What to do :: Transcribe this listing exactly; omit the pictures.

===== Dataset entries

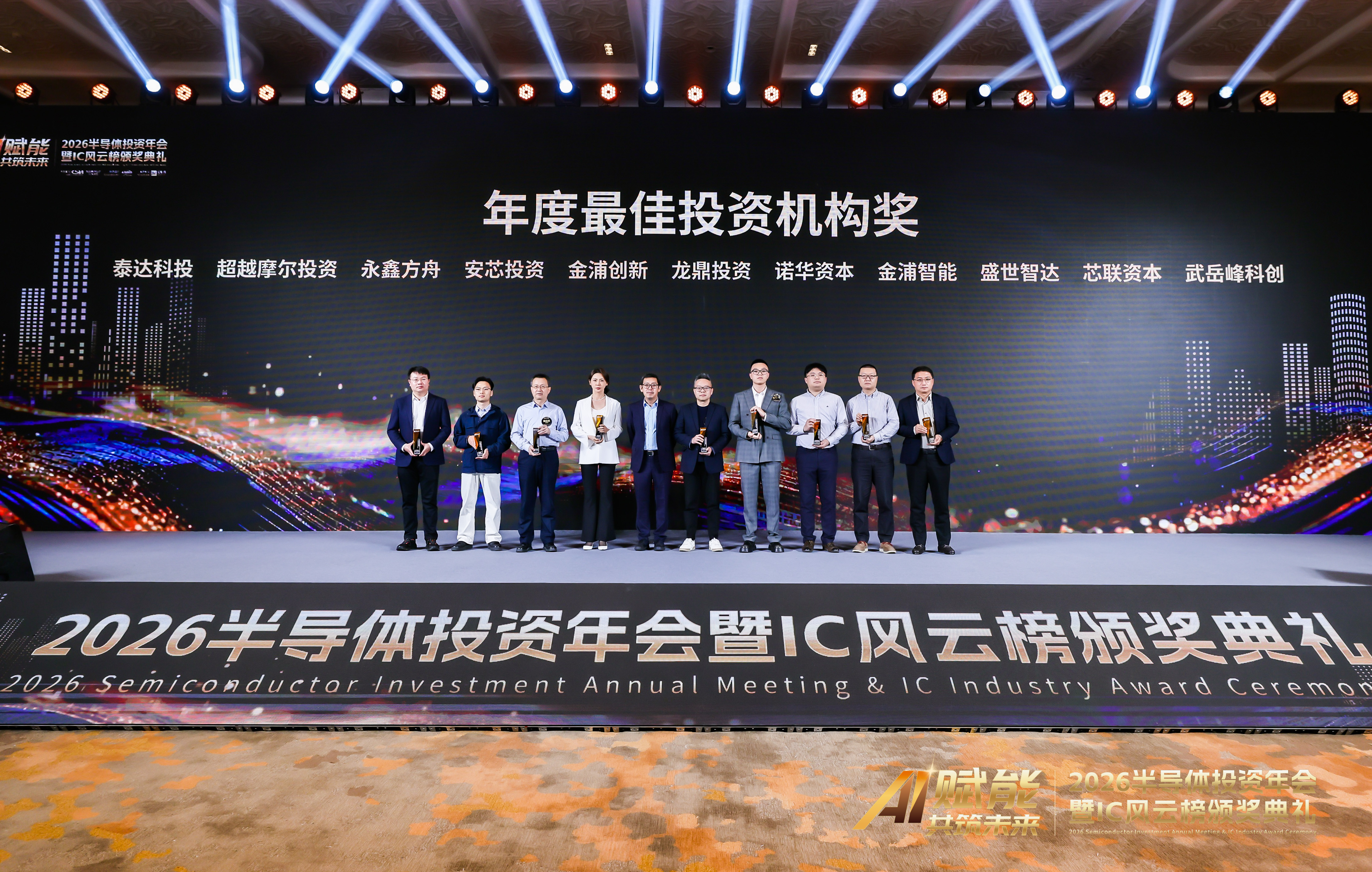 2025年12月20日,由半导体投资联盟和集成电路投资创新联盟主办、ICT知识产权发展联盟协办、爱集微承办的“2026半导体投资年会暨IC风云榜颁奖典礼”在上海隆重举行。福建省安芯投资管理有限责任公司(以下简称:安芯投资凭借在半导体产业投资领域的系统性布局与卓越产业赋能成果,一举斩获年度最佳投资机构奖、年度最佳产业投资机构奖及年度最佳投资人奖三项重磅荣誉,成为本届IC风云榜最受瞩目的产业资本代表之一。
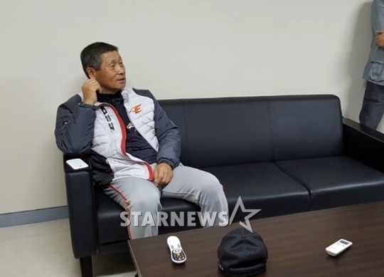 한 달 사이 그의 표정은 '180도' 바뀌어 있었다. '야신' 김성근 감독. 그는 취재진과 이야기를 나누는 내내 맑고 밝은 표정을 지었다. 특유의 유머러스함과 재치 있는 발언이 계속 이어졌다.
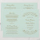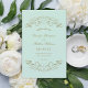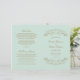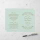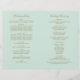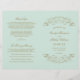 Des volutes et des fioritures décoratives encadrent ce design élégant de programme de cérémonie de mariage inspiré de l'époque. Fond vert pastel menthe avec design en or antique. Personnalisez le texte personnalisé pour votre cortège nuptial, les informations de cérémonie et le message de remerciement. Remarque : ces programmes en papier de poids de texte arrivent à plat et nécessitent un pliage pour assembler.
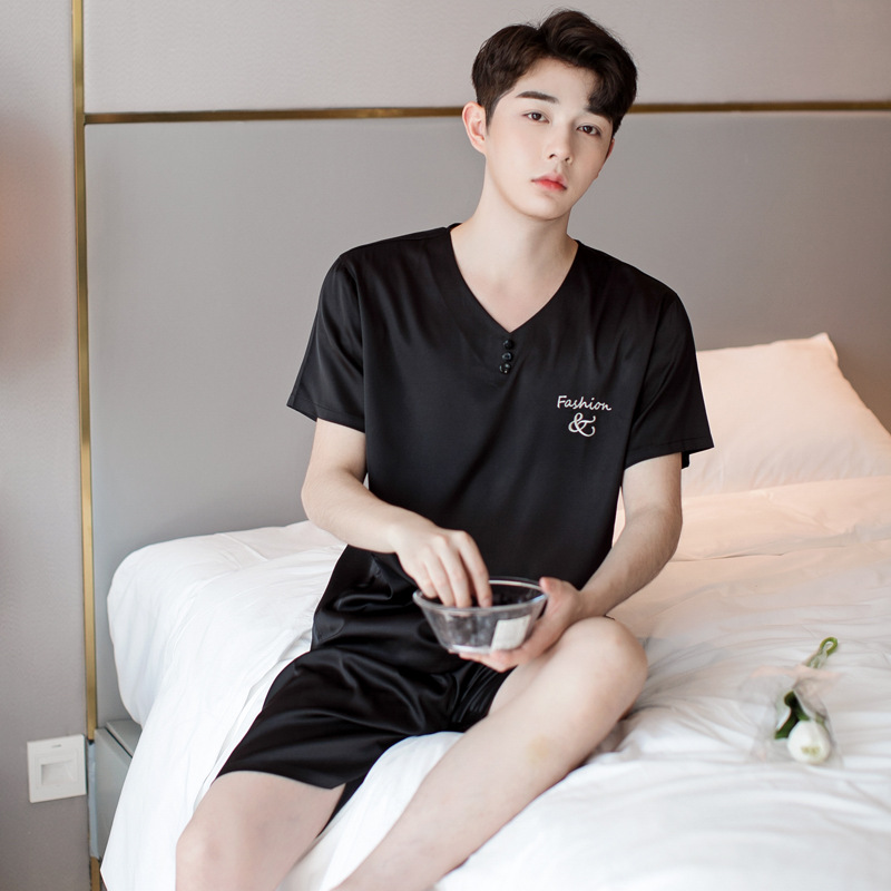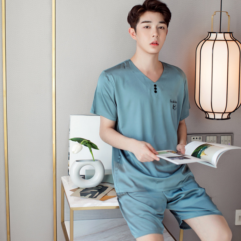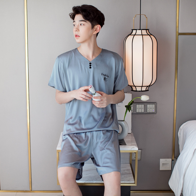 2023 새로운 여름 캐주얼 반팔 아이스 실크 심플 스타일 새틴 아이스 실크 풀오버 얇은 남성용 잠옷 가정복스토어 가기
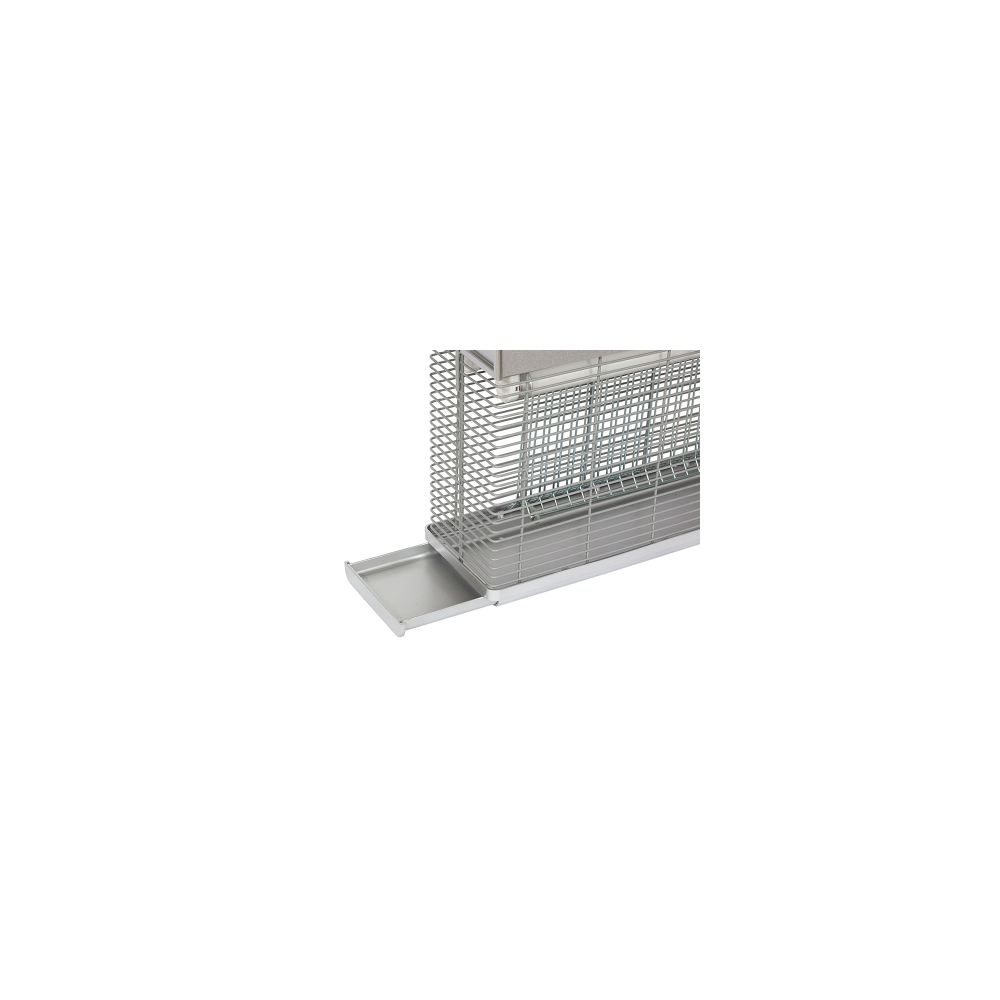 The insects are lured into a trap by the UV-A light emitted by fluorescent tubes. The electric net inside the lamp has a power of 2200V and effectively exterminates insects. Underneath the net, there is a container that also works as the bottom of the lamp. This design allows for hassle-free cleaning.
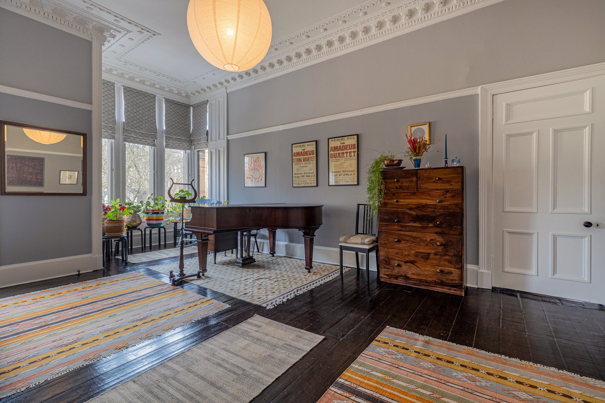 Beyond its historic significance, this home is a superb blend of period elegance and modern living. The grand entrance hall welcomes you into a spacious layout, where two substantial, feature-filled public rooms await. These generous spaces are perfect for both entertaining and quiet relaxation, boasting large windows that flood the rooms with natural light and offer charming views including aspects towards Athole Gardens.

==========

Task response ::
 2025年12月20日,由半导体投资联盟和集成电路投资创新联盟主办、ICT知识产权发展联盟协办、爱集微承办的“2026半导体投资年会暨IC风云榜颁奖典礼”在上海隆重举行。福建省安芯投资管理有限责任公司(以下简称:安芯投资凭借在半导体产业投资领域的系统性布局与卓越产业赋能成果,一举斩获年度最佳投资机构奖、年度最佳产业投资机构奖及年度最佳投资人奖三项重磅荣誉,成为本届IC风云榜最受瞩目的产业资本代表之一。
 한 달 사이 그의 표정은 '180도' 바뀌어 있었다. '야신' 김성근 감독. 그는 취재진과 이야기를 나누는 내내 맑고 밝은 표정을 지었다. 특유의 유머러스함과 재치 있는 발언이 계속 이어졌다.
 Des volutes et des fioritures décoratives encadrent ce design élégant de programme de cérémonie de mariage inspiré de l'époque. Fond vert pastel menthe avec design en or antique. Personnalisez le texte personnalisé pour votre cortège nuptial, les informations de cérémonie et le message de remerciement. Remarque : ces programmes en papier de poids de texte arrivent à plat et nécessitent un pliage pour assembler.
 2023 새로운 여름 캐주얼 반팔 아이스 실크 심플 스타일 새틴 아이스 실크 풀오버 얇은 남성용 잠옷 가정복스토어 가기
 The insects are lured into a trap by the UV-A light emitted by fluorescent tubes. The electric net inside the lamp has a power of 2200V and effectively exterminates insects. Underneath the net, there is a container that also works as the bottom of the lamp. This design allows for hassle-free cleaning.
 Beyond its historic significance, this home is a superb blend of period elegance and modern living. The grand entrance hall welcomes you into a spacious layout, where two substantial, feature-filled public rooms await. These generous spaces are perfect for both entertaining and quiet relaxation, boasting large windows that flood the rooms with natural light and offer charming views including aspects towards Athole Gardens.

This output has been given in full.